Set up the cache zone

Everything starts with proxy_cache_path. This lives in the http block, not inside a server, because the cache is shared across all your virtual hosts.

proxy_cache_path /var/cache/nginx/proxy
    levels=1:2
    keys_zone=app_cache:50m
    max_size=2g
    inactive=60m
    use_temp_path=off;

keys_zone=app_cache:50m reserves 50MB of shared memory for cache keys and metadata — roughly 400k entries — not the cached bodies, which go on disk under max_size=2g. inactive=60m evicts anything not requested in an hour regardless of its validity. use_temp_path=off writes directly into the cache directory instead of staging through a temp dir, which avoids a needless cross-filesystem copy.

This is exactly the kind of thing AI is good at explaining. I pasted the raw directive and asked what each parameter controlled and what happens when max_size is hit. The answer correctly described the LRU-style eviction the cache manager performs. But “sounds right” is not “is right” — I still confirmed the behavior against the official directive docs before shipping.

Wire it into a location

server {
    listen 443 ssl;
    server_name app.example.com;

    location /api/ {
        proxy_pass http://backend;
        proxy_cache app_cache;
        proxy_cache_key "$scheme$request_method$host$request_uri";
        proxy_cache_valid 200 301 302 10m;
        proxy_cache_valid 404 1m;

        add_header X-Cache-Status $upstream_cache_status always;
    }
}

The proxy_cache_key is the single most important line here, and it’s where AI reasoning genuinely helps. The default key omits things you might care about and includes things you might not. Ask the assistant to reason through it:

Prompt: “My NGINX proxy_cache_key is $scheme$request_method$host$request_uri. The same URL returns different JSON depending on an Accept-Language header. What’s wrong with my cache key, and what’s the risk if I leave it?”
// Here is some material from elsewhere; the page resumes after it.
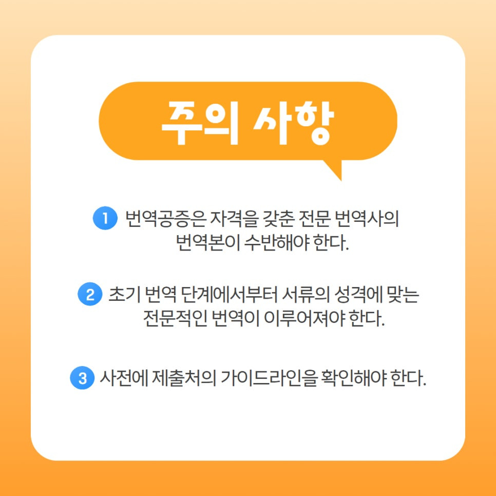 이때 개인이 임의로 번역한 서류는 조작의 위험이 있어 공신력을 인정받기 어렵습니다.

A good answer points out that two clients requesting the same URL with different Accept-Language values will collide on one cache entry — whoever populates it first wins, and everyone else gets the wrong language. The fix is to fold the varying input into the key, e.g. append $http_accept_language. The assistant can spot that class of bug instantly. What it cannot do is know which headers actually vary your responses — that’s your domain knowledge, and getting the key wrong means silently serving wrong content to real users. Validate it.

The X-Cache-Status header is your debugger

$upstream_cache_status is the difference between guessing and knowing. Add it as a header and inspect with curl:

curl -sI https://app.example.com/api/widgets | grep -i x-cache-status

You’ll see one of MISS, HIT, EXPIRED, STALE, UPDATING, REVALIDATED, or BYPASS. The first request to a fresh key is MISS; the next, within the valid window, is HIT. Hit this in a loop and watch it flip:

for i in 1 2 3; do
  curl -sI https://app.example.com/api/widgets \
    | grep -i x-cache-status
done

If every request says MISS, your cache key is varying when you didn’t intend it to (a Set-Cookie from the upstream, a no-store Cache-Control, a query param ordering issue). If it says HIT for a user who should see personalized data, your bypass rules are broken. Either way the header tells you the truth — don’t trust the AI’s mental model of your traffic, trust this.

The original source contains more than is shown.